Work request:
Could the data below please be reproduced word for word, without the pictures?

Given information:
====

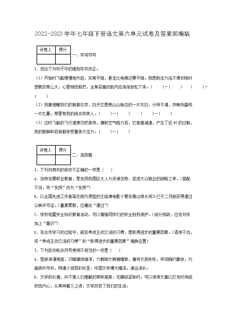 【文檔預覽】 無憂考網(wǎng)整理發(fā)布2022-2023學年七年級下冊語文第六單元試卷及答案部編版(Word版),前五頁預覽如下:
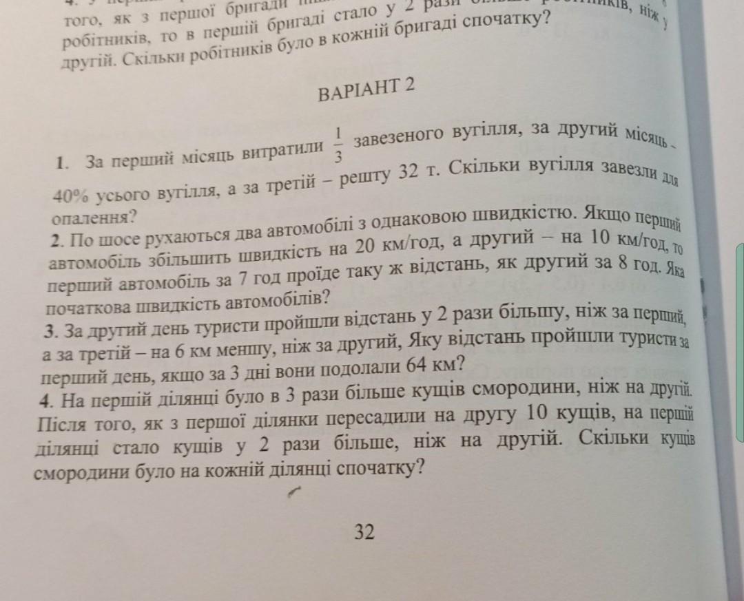 1. За первый месяц потратили-1/3 -завезеного угля, по второй месяц-40% всего угля, а за третий-остальные 32 т.сколько угля завезли для отопления?ЗАДАЧА С ПОМОЩЬЮ УРАВНЕНИЯ
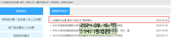 4.首页»政务公开»重点领域公开»财政资金»财政收支审计(责任单位:县财政局、县审计局)
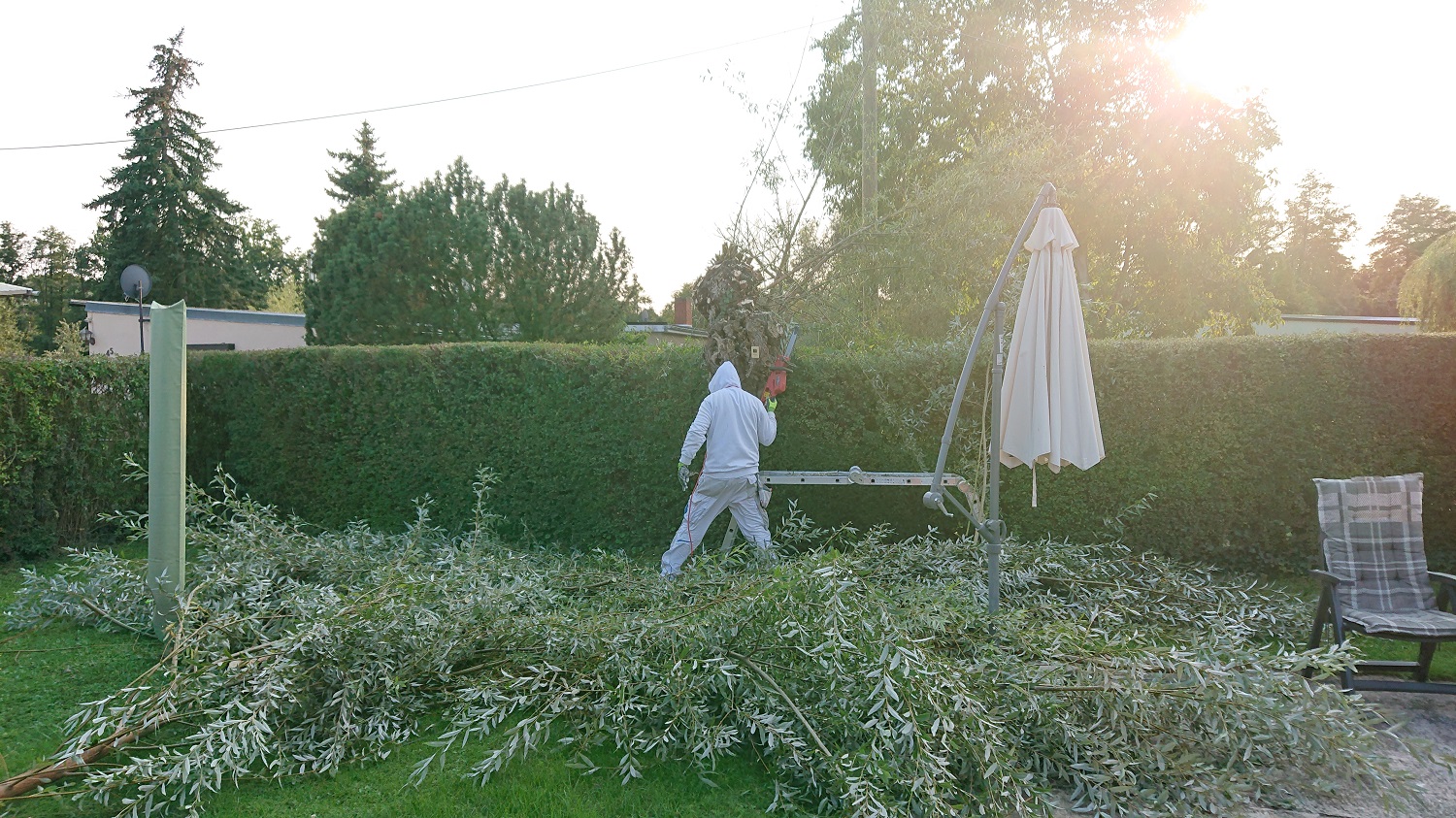 erstmal alle dicken Kübel weg, Bodo mit dem Bagger war dadann kleine Pflanzkübel setzen, Randsteine anbrngen und 4 cbm Mutterboden per Schubkarre abladen und verteilen, was für eine Knochenarbeit.
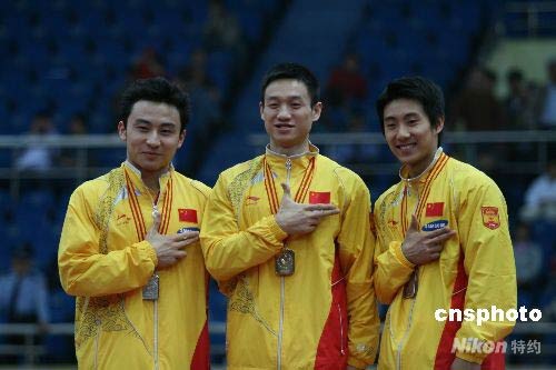 5月9日,2008年全國(guó)體操錦標(biāo)賽暨奧運(yùn)選拔賽男子全能決賽頒獎(jiǎng)儀式在天津體育中心舉行。楊威(中)以96.900分奪得男子全能金牌,馮喆、滕海濱分獲第二、第三名。中新社發(fā) 田齊 攝
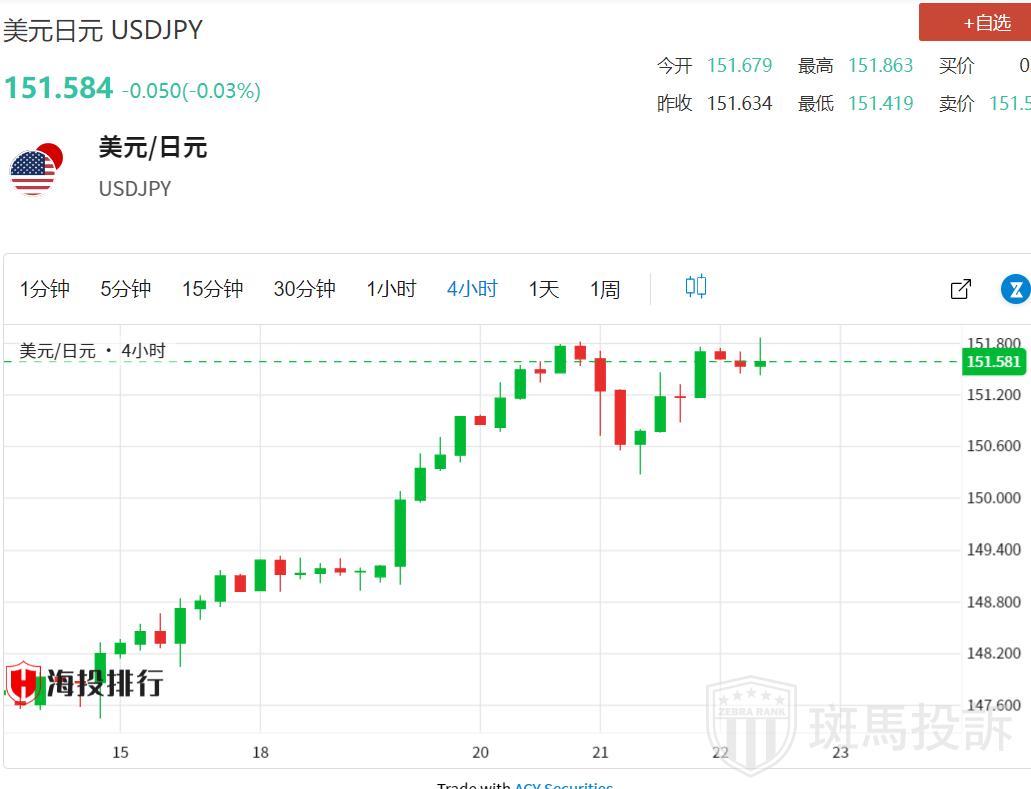 从技术角度来看,隔夜盘中美元/日元强势上涨后处在151.75区域附近,正好位于周三创下的年内高点之前。然后是2022年10月触及的数十年高点152.00附近,如果明确突破该水平,将成为看涨交易者的新触发点。届时,美元/日元可能会延续2023年1月以来的长期升势。

====

The completed task:
 【文檔預覽】 無憂考網(wǎng)整理發(fā)布2022-2023學年七年級下冊語文第六單元試卷及答案部編版(Word版),前五頁預覽如下:
 1. За первый месяц потратили-1/3 -завезеного угля, по второй месяц-40% всего угля, а за третий-остальные 32 т.сколько угля завезли для отопления?ЗАДАЧА С ПОМОЩЬЮ УРАВНЕНИЯ
 4.首页»政务公开»重点领域公开»财政资金»财政收支审计(责任单位:县财政局、县审计局)
 erstmal alle dicken Kübel weg, Bodo mit dem Bagger war dadann kleine Pflanzkübel setzen, Randsteine anbrngen und 4 cbm Mutterboden per Schubkarre abladen und verteilen, was für eine Knochenarbeit.
 5月9日,2008年全國(guó)體操錦標(biāo)賽暨奧運(yùn)選拔賽男子全能決賽頒獎(jiǎng)儀式在天津體育中心舉行。楊威(中)以96.900分奪得男子全能金牌,馮喆、滕海濱分獲第二、第三名。中新社發(fā) 田齊 攝
 从技术角度来看,隔夜盘中美元/日元强势上涨后处在151.75区域附近,正好位于周三创下的年内高点之前。然后是2022年10月触及的数十年高点152.00附近,如果明确突破该水平,将成为看涨交易者的新触发点。届时,美元/日元可能会延续2023年1月以来的长期升势。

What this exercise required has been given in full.